═══ Exercise materials ═══

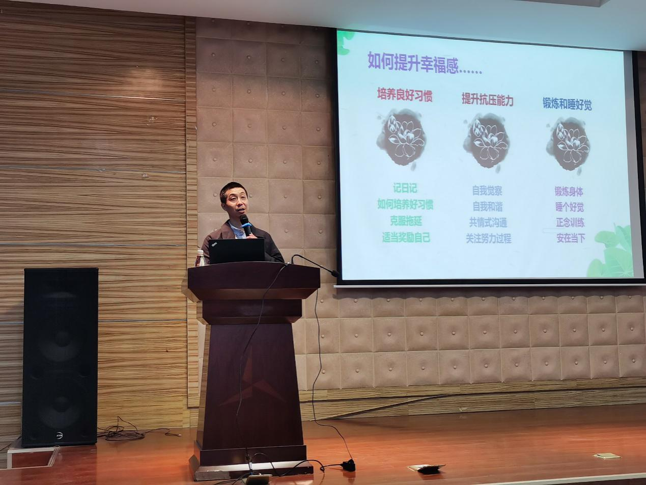 启动仪式的最后,由刘欣老师宣布足球赌注网站2021年心理育人宣传季活动正式开始。本届心理育人季的首场讲座拉开序幕,由陕西省人民医院心理科主治医师宋东峰老师带来《追梦的你,幸福在哪里》主题讲座。宋东峰从不同的角度向讲述了幸福是什么,并且从心理学的角度介绍了什么是幸福,如何获得幸福感,鼓励老员工应当培养良好习惯,提升抗压能力,适当锻炼等,都有助于提高幸福感。宋东峰以诙谐幽默的语言和积极的现场互动,为大家介绍了正念减压的方法,并带领大家完成了一次“催眠”练习,缓解了大家的紧张感和疲惫感,让大家沉浸在这场生动的讲座中。宋东峰老师建议,要获得幸福,就要学会包括家庭、师生、同窗之间的沟通,以此释放自己的心理压力,获取情感共鸣。
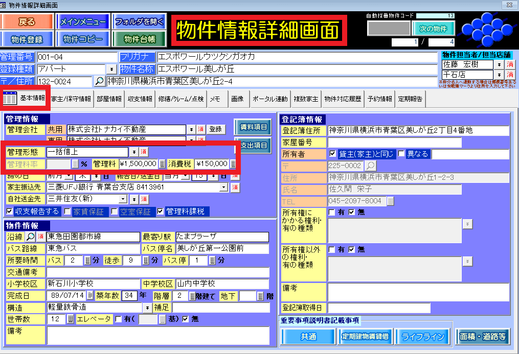 操作方法は、[物件情報詳細画面]の[基本情報]タブで管理形態「一括借上」を選択し、「管理料」欄に借上料金を入力します。
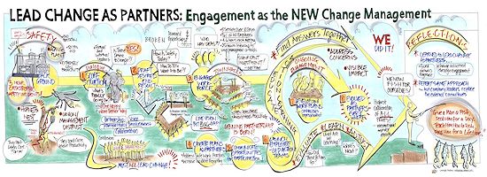 Additionally content experts (or organizations who bring content experts in to deliver information to their employees) can employ the services of a live Visual/Graphic Recorder to take real-time notes of the content as the speaker delivers it. This service is called Graphic Recording (again, see 4 Main Ways of Working Visually article for further details). After the event digital photos of the charts are shared with participants as an effective memory device and unique takeaway.
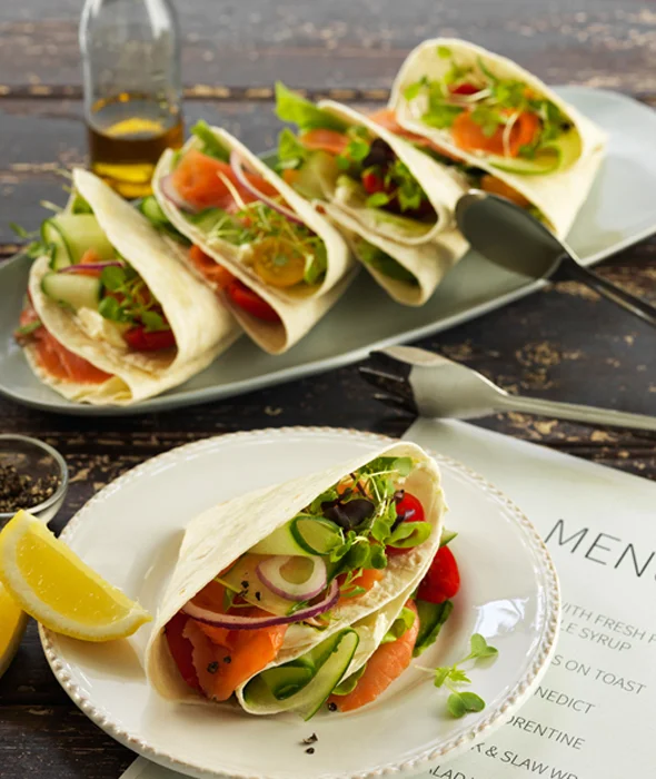 Fill the pockets using the smoked salmon, watercress, cucumber, cherry tomatoes and red onion.
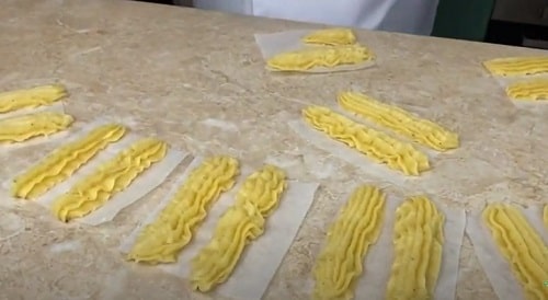 - Видавіть на пекарській папір заготовки довжиною до 15 сантиметрів.
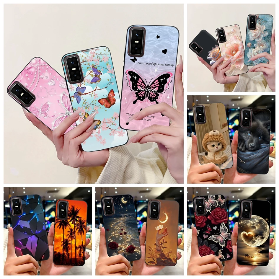 Funda para Infinix GT 30 Pro, funda a la moda con forma de mariposa y flor y Luna, parachoques de silicona suave y negro para fundas de teléfono Infinix GT 30Pro
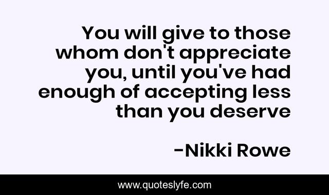 This page presents the quote "You will give to those whom don't appreciate you, until you've had enough of accepting less than you deserve". Author of this quote is Nikki Rowe. This quote is about life, inspire, life-truths, quotes, truth, life-lessons,.
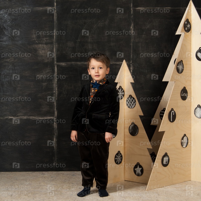 Маленький мальчик рядом с декоративными елками
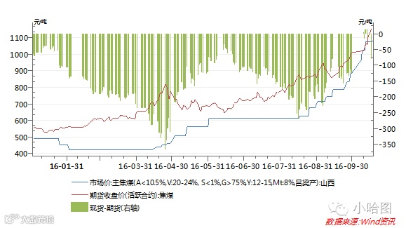 而焦期煤货价格相对现货就有点不同了,对标山西产主焦煤市场价来看,之前一直都是期货大幅升水现货,直到最近才开始接近平水,截至10月18日收盘,焦煤期货主力1701合约的收盘价1180元/吨相对山西主焦煤市场价1125元/吨升水55元/吨,离京唐港库提价1300元/吨也不远了,毕竟焦煤的矛盾相比焦炭更突出,焦煤期货这么个涨法也能理解。
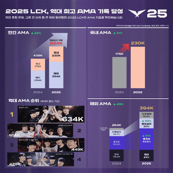 라이엇게임즈는 “2025년 리그 포맷 개편 후 LCK가 평균 분당 시청자 수와 국내 시청 지표, 글로벌 시청 지표에서 유의미한 성장을 달성했다고 밝혔다”라고 밝혔다.

═══

The problem :: Would you return the records exactly as written, minus any image?

Task output ::
 启动仪式的最后,由刘欣老师宣布足球赌注网站2021年心理育人宣传季活动正式开始。本届心理育人季的首场讲座拉开序幕,由陕西省人民医院心理科主治医师宋东峰老师带来《追梦的你,幸福在哪里》主题讲座。宋东峰从不同的角度向讲述了幸福是什么,并且从心理学的角度介绍了什么是幸福,如何获得幸福感,鼓励老员工应当培养良好习惯,提升抗压能力,适当锻炼等,都有助于提高幸福感。宋东峰以诙谐幽默的语言和积极的现场互动,为大家介绍了正念减压的方法,并带领大家完成了一次“催眠”练习,缓解了大家的紧张感和疲惫感,让大家沉浸在这场生动的讲座中。宋东峰老师建议,要获得幸福,就要学会包括家庭、师生、同窗之间的沟通,以此释放自己的心理压力,获取情感共鸣。
 操作方法は、[物件情報詳細画面]の[基本情報]タブで管理形態「一括借上」を選択し、「管理料」欄に借上料金を入力します。
 Additionally content experts (or organizations who bring content experts in to deliver information to their employees) can employ the services of a live Visual/Graphic Recorder to take real-time notes of the content as the speaker delivers it. This service is called Graphic Recording (again, see 4 Main Ways of Working Visually article for further details). After the event digital photos of the charts are shared with participants as an effective memory device and unique takeaway.
 Fill the pockets using the smoked salmon, watercress, cucumber, cherry tomatoes and red onion.
 - Видавіть на пекарській папір заготовки довжиною до 15 сантиметрів.
 Funda para Infinix GT 30 Pro, funda a la moda con forma de mariposa y flor y Luna, parachoques de silicona suave y negro para fundas de teléfono Infinix GT 30Pro
 This page presents the quote "You will give to those whom don't appreciate you, until you've had enough of accepting less than you deserve". Author of this quote is Nikki Rowe. This quote is about life, inspire, life-truths, quotes, truth, life-lessons,.
 Маленький мальчик рядом с декоративными елками
 而焦期煤货价格相对现货就有点不同了,对标山西产主焦煤市场价来看,之前一直都是期货大幅升水现货,直到最近才开始接近平水,截至10月18日收盘,焦煤期货主力1701合约的收盘价1180元/吨相对山西主焦煤市场价1125元/吨升水55元/吨,离京唐港库提价1300元/吨也不远了,毕竟焦煤的矛盾相比焦炭更突出,焦煤期货这么个涨法也能理解。
 라이엇게임즈는 “2025년 리그 포맷 개편 후 LCK가 평균 분당 시청자 수와 국내 시청 지표, 글로벌 시청 지표에서 유의미한 성장을 달성했다고 밝혔다”라고 밝혔다.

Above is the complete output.